Question

Solve for w.
(w+5)² =2w² +3w+37

Answer 1

w = 3; w = 4

Explanation:

We can start by expanding the equation on the left hand side:

`(w+5)^2=2w^2+3w+37\\(w+5)(w+5)=2w^2+3w+37\\w^2+5w+5w+25=2w^2+3w+37\\w^2+10w+25=2w^2+3w+37`

We can first simplify the equation subtracting all the terms on the right hand side and having the equation equal 0:

`w^2+10w+25=2w^2+3w+37\\(w^2-2w^2)+(10w-3w)+(25-37)=0\\-w^2+7w-12=0`

Now, we have one equation in standard form (ax^2 + bx + c = 0).
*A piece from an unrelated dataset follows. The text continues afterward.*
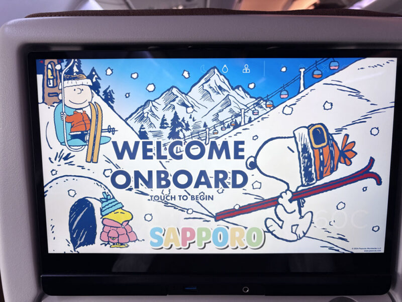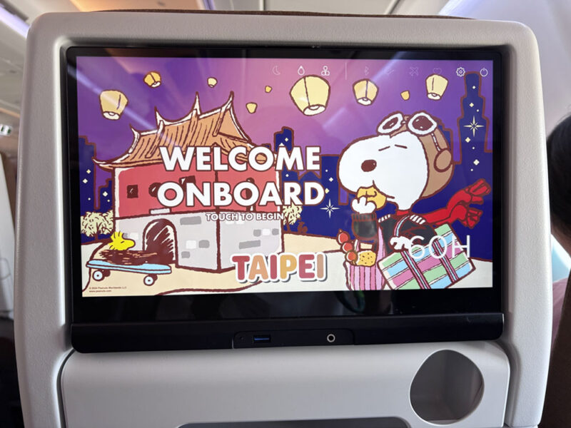 個人モニターは、タッチパネル操作も快適。台湾の漁師バッグを持っているスヌーピーがカワイイ!日本語対応の映画やアニメも楽しめました。

We can solve this equation using the quadratic equation which is

`x = (-b+√(b^2-4ac) )/(2a) \\\\x=(-b-√(b^2-4ac) )/(2a)`

Since -1 is our a value, 7 is our b, and -12 is c, we simply plug in our values and solve for x:

First x:

`x=(-7+√(7^2-4(-1)(-12)) )/(2(-1))\\ \\x=(-7+√(1) )/(-2)\\ \\x=(-7+1)/(-2)\\ \\x=(-6)/(-2)\\ \\x=3`

Second x:

`x=(-7-√(7^2-4(-1)(-12)) )/(2(-1))\\ \\x=(-7-√(1) )/(-2)\\ \\x=(-7-1)/(-2)\\ \\x=(-8)/(-2)\\ \\x=4`

Finally, we must check for extraneous solutions, which (if present) will make the equations not true. We simply plug in 3 for w and 4 for w to check for such solutions:

Checking 3:

`(3+5)^2=2(3)^2+3(3)+37\\8^2=2(9)+9+37\\64=18+9+37\\64=64`

Checking 4:

`(4+5)^2=2(4)^2+3(4)+37\\9^2=2(16)+12+37\\81=32+12+37\\81=81`

Since the equations are true for both 3 and 4, both values work for w.